On Thursday, March 11, a prominent supporter of Shiite scholar Muqtada al-Sadr was shot and killed in Baghdad 's al-Shawafa district.

The shooting of Kazim al-Sayed Musa al-Ghoriebi came hours after a Sunni Muslim scholar was wounded in what he claimed was an assassination attempt. His son and son-in-law were killed.

Police Involvement

In another development, an investigation is continuing into the mob-style killing of two U.S government staffers and their Iraqi interpreter after a U.S. official admitted that four men arrested were in fact policemen.

The four were detained after the slayings Tuesday of the two U.S staffers and an Iraqi woman near the town of Hillah , south of Baghdad , Maj. Gen.

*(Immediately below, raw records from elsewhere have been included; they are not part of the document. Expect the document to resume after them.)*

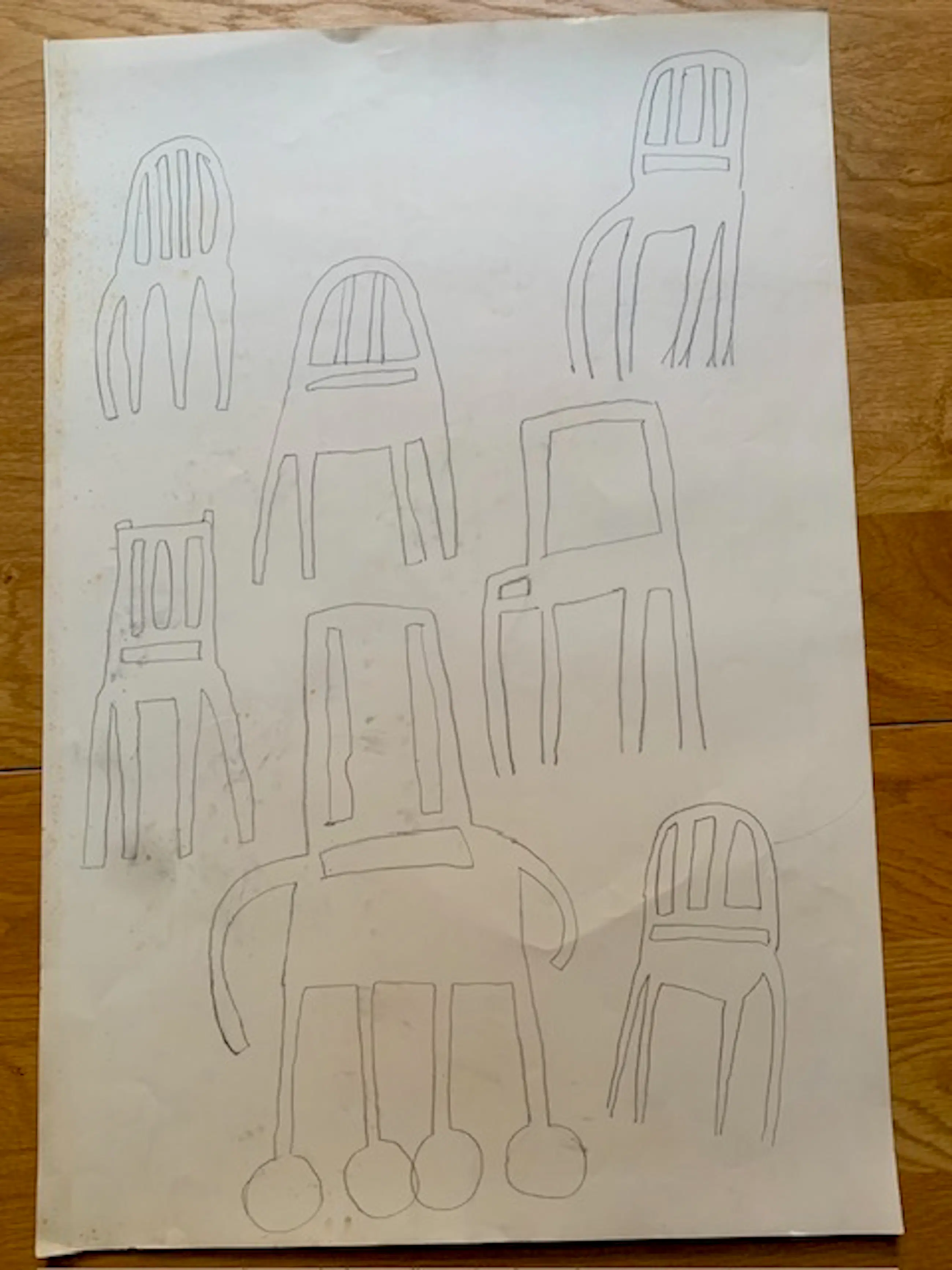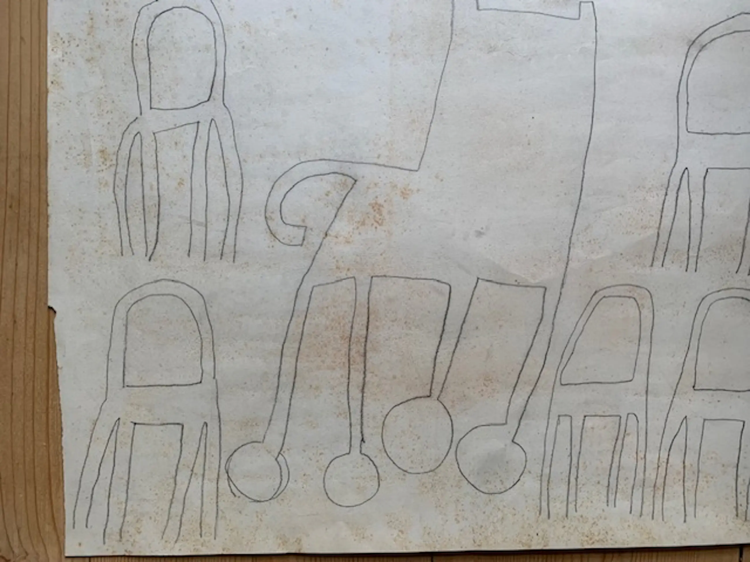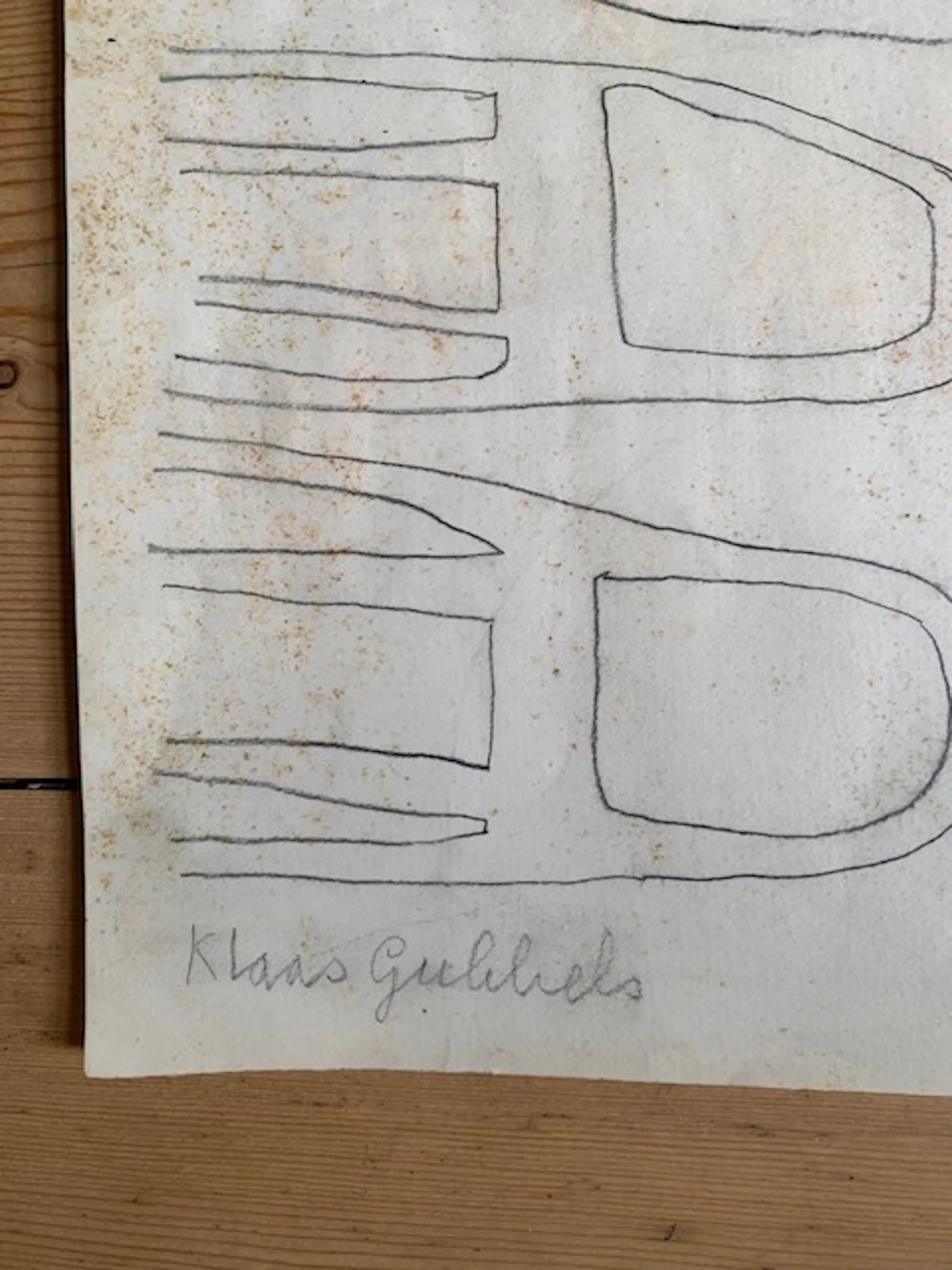 Twee schetsontwerpen van Gubbels voor (vermoedelijk) een theateraffiche, ontworpen door Paul Schulz in de jaren zestig, voor 'Eindspel' van Samuel Beckett in de Arnhemse Stadsschouwburg. Handgeschreven tekst over formaat en factuur voor het theater. Een exemplaar gaaf, tweede exemplaar met roestkleurige vlekjes door verzuring.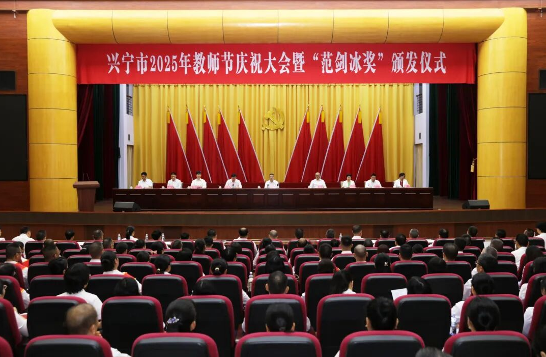 9月10日,兴宁市2025年教师节庆祝大会暨“范剑冰奖”颁发仪式在会展中心举行。会议深入学习贯彻落实习近平总书记关于教育的重要论述,对全市教育战线上的先进典型进行表彰,营造尊师重教的浓厚氛围,动员全市上下共同谱写兴宁教育高质量发展新篇章,全力办好人民满意的教育。兴宁市委书记罗达祥出席活动并讲话。范剑冰奖教基金理事会副理事长范伟出席活动。兴宁市委副书记、政法委书记朱志勇主持活动。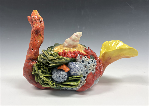| Description: | Handbuilt teapot in the form of a coral reef with a seashell lid |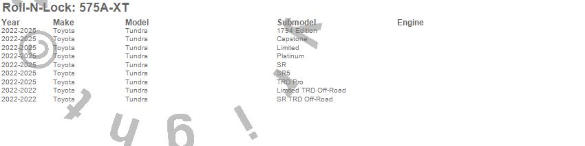 Below is an abbreviated list of applications for the Roll-N-Lock A-Series XT Truck Bed Cover.Tundra, Toyota, 2025, 2024, 2023, 2022
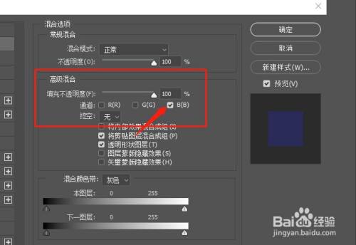右击图层,选择混合选项,在高级混合,通道这里设置成和图层名字对应的通道。如图。把三张图片都设置好。

Mark Kimmitt was quoted by The Associated Press as saying.

U.S. military spokesman Dan Senor called the policemen's role in the attack "an exception" and defended what he called a "robust" process of vetting police recruits to try to uncover criminal pasts or links to Saddam's regime.

Polish troops patrolling the region said the police stopped the staffers' car at a checkpoint and shot them to death.

Kimmitt, however, said the attackers may have been in a second car that ran the military staffers off the road.

The U.S. and British forces began strikes on Iraq on March 20 last year on claims demolishing weapons of mass destruction, but none of the banned arms have been found one year afterwards – raising fears that the invasion of the oil-rich country was made on false pretexts.